# Utah Bee truck spill



## JohnK and Sheri (Nov 28, 2004)

Sure sounds like a mess. Anyone here know who's bees they were?

Our trucks start leaving this coming weekend. We always keep our fingers crossed this doesn't happen. 

http://www.sltrib.com/sltrib/news/52768895-78/crash-bees-truck-traffic.html.csp

Sheri


----------



## greenbeekeeping (Feb 13, 2003)

I don't like hearing about this stuff before our bees are safe for sure. That would make for a really bad day.


----------



## odfrank (May 13, 2002)

" He did not know whether the queen bees in the crash had stayed in their hives." 

Isn't Russell breeding that quality into his stock?


----------



## alpha6 (May 12, 2008)

SALT LAKE CITY - Truck driver Louis Holst has never been scared of bees, but he's rethinking his next long-haul load a day after being swarmed by 25 million of the stinging insects.

Holst and his wife, Tammie, picked up 460 bee hives in South Dakota and were about 36 hours into their drive Sunday night when he hit a sharp bend in a construction zone on Interstate 15 in southern Utah. The twist in the road toppled his trailer and sent the bees into a frenzy.

Says it was the last load out of SD...anyone know the outfit?

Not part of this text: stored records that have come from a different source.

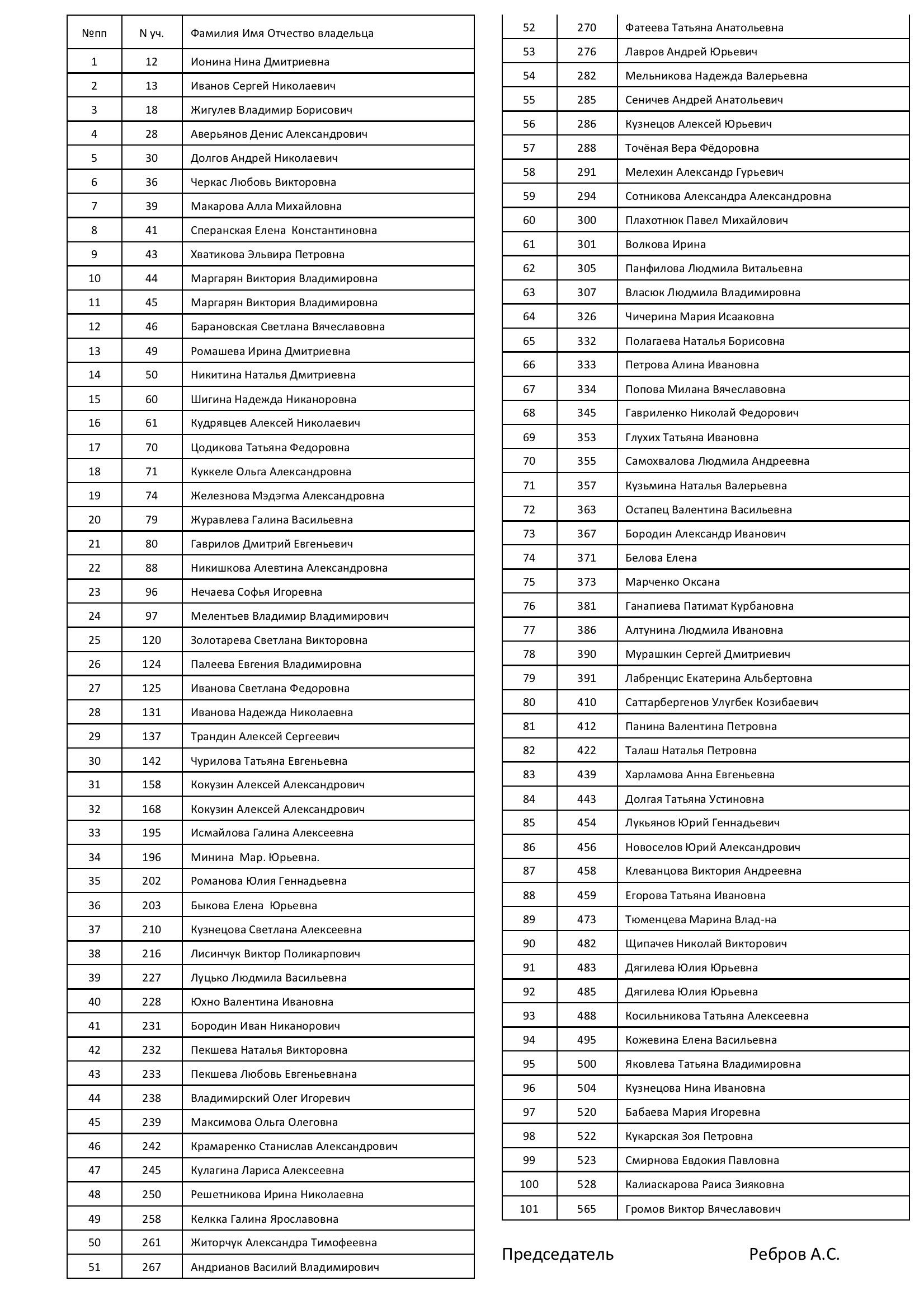 | 1 | АфанасьевЮ.Ф. | 10320007000286 | 286 |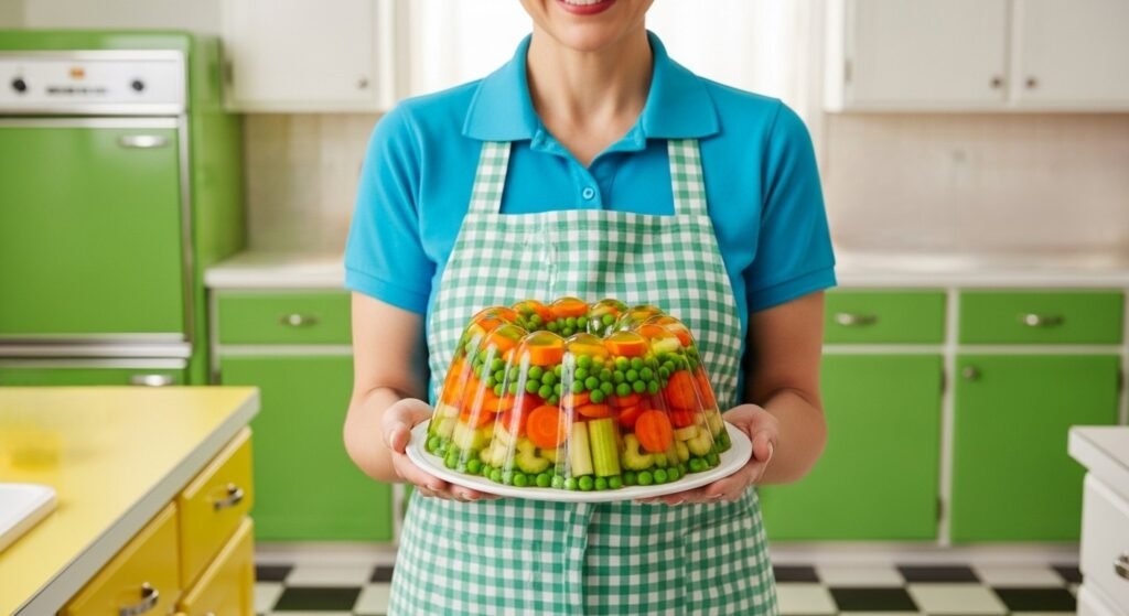 A rainbow in a mold – gelatin salads filled with veggies or fruit once brightened family gatherings. Now, people reach for raw bites instead; flavor without chew fades into memory.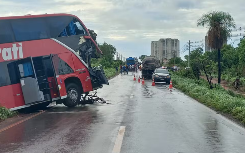 Segundo o Corpo de Bombeiros de Mato Grosso (CBMMT), o motorista do ônibus ficou preso às ferragens, não resistiu aos ferimentos e morreu ainda no local.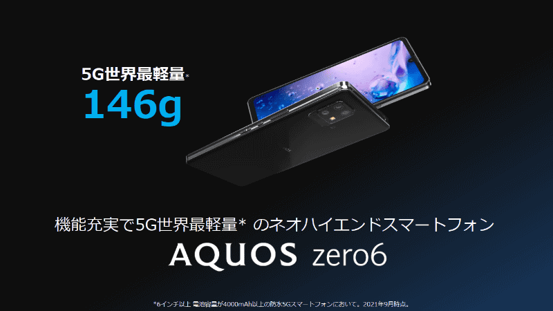 • ソフトバンクから軽さ146gの「AQUOS zero6」10月8日発売、7万4880円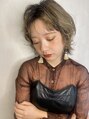 顔まわりにしっかり動きがつく様、細かくレイヤーの入れる角度にこだわりデザインを。前髪をセンターパートで分け、根本を立ち上げたハンサムクールウルフスタイルも◎

Read more: http://www.azcentral.com/news/artic...k-millions-of-bees-crashes.html#ixzz1bl0by3ra


----------



## BeeBrothersApiary (Oct 14, 2007)

Richard Adees Farm

_The 25 million bees were headed from Adee Honey Farms in Bruce, S.D., to near Bakersfield, Calif., where they stay for the winter before being used for pollination come spring, company co-owner Richard Adee said._


----------



## busy bee apiary (Aug 7, 2010)

Adee out of sd. Sure hate to see anyone lose a load of bees.


----------



## mnbeekeeper (Jun 30, 2010)

boy it might be a unlucky year for moving bees!!!! (really hope not) we got a call yesterday from a hobby guy saying there was a truck load of bees that tipped or crashed in southern MN. anyone heard anything about that. also just wondering any one know if they are picking those hives up or torching the load. i heard of a load of just equipt. that tipped over last spring in oklahoma and i heard they torched that. geez i would we willing to drive out there or where ever and pick up what was good still. i understand its a mess just burn it but man that is a serous loss to take. sad sad sad. 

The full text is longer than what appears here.